Os fundos de investimento imobiliário (FIIs) obtiveram uma vitória relevante no Conselho Administrativo de Recursos Fiscais (Carf). A 1ª Turma da 1ª Câmara da 1ª Seção decidiu, por unanimidade, que os beneficiários de um FII podem ser, ao mesmo tempo, controladores de empreendimentos imobiliários sem que isso implique na equiparação automática do fundo a uma pessoa jurídica. Com esse entendimento, afasta-se a cobrança de Imposto de Renda (IRPJ), Contribuição Social sobre o Lucro Líquido (CSLL), PIS e COFINS, representando um importante precedente para o setor.
O julgamento envolveu dois fundos de investimento que exploram o Shopping Parque Dom Pedro, localizado em Campinas (SP). A fiscalização da Receita Federal resultou em uma autuação fiscal que ultrapassa R$ 400 milhões, incluindo juros de mora e multa de ofício de 75%. A base da autuação foi uma representação feita pela Comissão de Valores Mobiliários (CVM), que apontou possível irregularidade no fato de cotistas deterem mais de 25% das cotas dos fundos.
Para a Receita, a Aliansce Sonae — atualmente Allos — controlaria a Sierra Investimentos, que é uma das cotistas do fundo e também sócia do empreendimento imobiliário. Na visão do Fisco, essa configuração demonstraria uma participação indireta da Aliansce Sonae no fundo, o que atrairia a aplicação do artigo 2º da Lei nº 9.779/1999. Essa norma determina que, quando uma pessoa física ou jurídica detém mais de 25% das cotas de um FII, ele pode ser equiparado a uma pessoa jurídica, sendo, assim, obrigado a recolher IRPJ, CSLL, PIS e COFINS.
O relator do caso, conselheiro Efigênio de Freitas Júnior, divergiu da interpretação adotada pela Receita Federal. Ele destacou que a Aliansce Sonae não é cotista do fundo diretamente, mas participa do empreendimento indiretamente por meio da controladora Sierra Investimentos. Para o relator, o conceito de “cotista” estabelecido no artigo 2º da Lei nº 9.779/1999 exige uma participação direta no fundo, o que não ocorre no caso em análise.
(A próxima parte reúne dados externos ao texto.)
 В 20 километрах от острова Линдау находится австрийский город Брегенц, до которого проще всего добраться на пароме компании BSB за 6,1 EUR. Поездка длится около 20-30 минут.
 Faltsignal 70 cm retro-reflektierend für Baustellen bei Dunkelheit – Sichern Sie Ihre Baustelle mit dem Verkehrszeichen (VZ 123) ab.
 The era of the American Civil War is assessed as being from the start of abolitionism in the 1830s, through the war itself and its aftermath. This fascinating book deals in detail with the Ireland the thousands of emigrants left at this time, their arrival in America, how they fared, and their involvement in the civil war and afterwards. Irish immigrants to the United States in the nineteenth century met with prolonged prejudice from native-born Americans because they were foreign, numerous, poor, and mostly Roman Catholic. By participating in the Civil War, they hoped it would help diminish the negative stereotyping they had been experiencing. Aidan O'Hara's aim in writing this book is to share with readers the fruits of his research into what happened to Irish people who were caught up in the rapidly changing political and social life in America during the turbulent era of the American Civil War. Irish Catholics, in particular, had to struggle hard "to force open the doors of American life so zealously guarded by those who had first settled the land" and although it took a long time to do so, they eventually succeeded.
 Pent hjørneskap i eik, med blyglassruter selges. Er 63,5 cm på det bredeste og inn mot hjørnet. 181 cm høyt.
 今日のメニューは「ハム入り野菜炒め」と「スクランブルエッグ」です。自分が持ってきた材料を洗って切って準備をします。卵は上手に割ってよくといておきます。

O conselheiro afirmou que, para que se configure a equiparação de um FII a uma pessoa jurídica, é indispensável que a participação acionária seja direta e não indireta. O simples fato de uma empresa ser controladora de outra que, por sua vez, é cotista do fundo não é suficiente para atrair a incidência da norma. Além disso, Freitas Júnior destacou que a legislação não referir-se a participações indiretas, e a aplicação dessa lógica sem previsão legal clara violaria o princípio da legalidade tributária.
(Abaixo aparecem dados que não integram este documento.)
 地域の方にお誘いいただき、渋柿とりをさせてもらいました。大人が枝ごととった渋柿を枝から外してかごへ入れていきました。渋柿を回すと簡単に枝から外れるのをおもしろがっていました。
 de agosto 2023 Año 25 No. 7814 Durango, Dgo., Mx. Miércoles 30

Outro ponto de destaque no voto foi a ausência de comprovação de dolo, fraude ou simulação nas operações realizadas. Consoante o relator, apenas a existência de práticas fraudulentas poderia justificar a aplicação do dispositivo legal para equiparar o FII a uma pessoa jurídica.
O entendimento do relator foi acompanhado de forma unânime pelos demais conselheiros da 1ª Turma. Essa unanimidade tem peso relevante, já que indica um consenso entre os julgadores em relação à interpretação da norma. A decisão representa um importante precedente para os fundos de investimento imobiliário, pois a tese de equiparação a pessoa jurídica vinha sendo utilizada de forma recorrente pela Receita Federal em autuações de grande valor.
A decisão também reforça a tese de que o conceito de “cotista” contido na Lei nº 9.779/1999 exige participação direta e efetiva no fundo. Isso afasta a possibilidade de o Fisco presumir a participação indireta como suficiente para configurar a condição de sócio ou cotista, protegendo as operações de reestruturação e controle empresarial, especialmente no setor de empreendimentos imobiliários.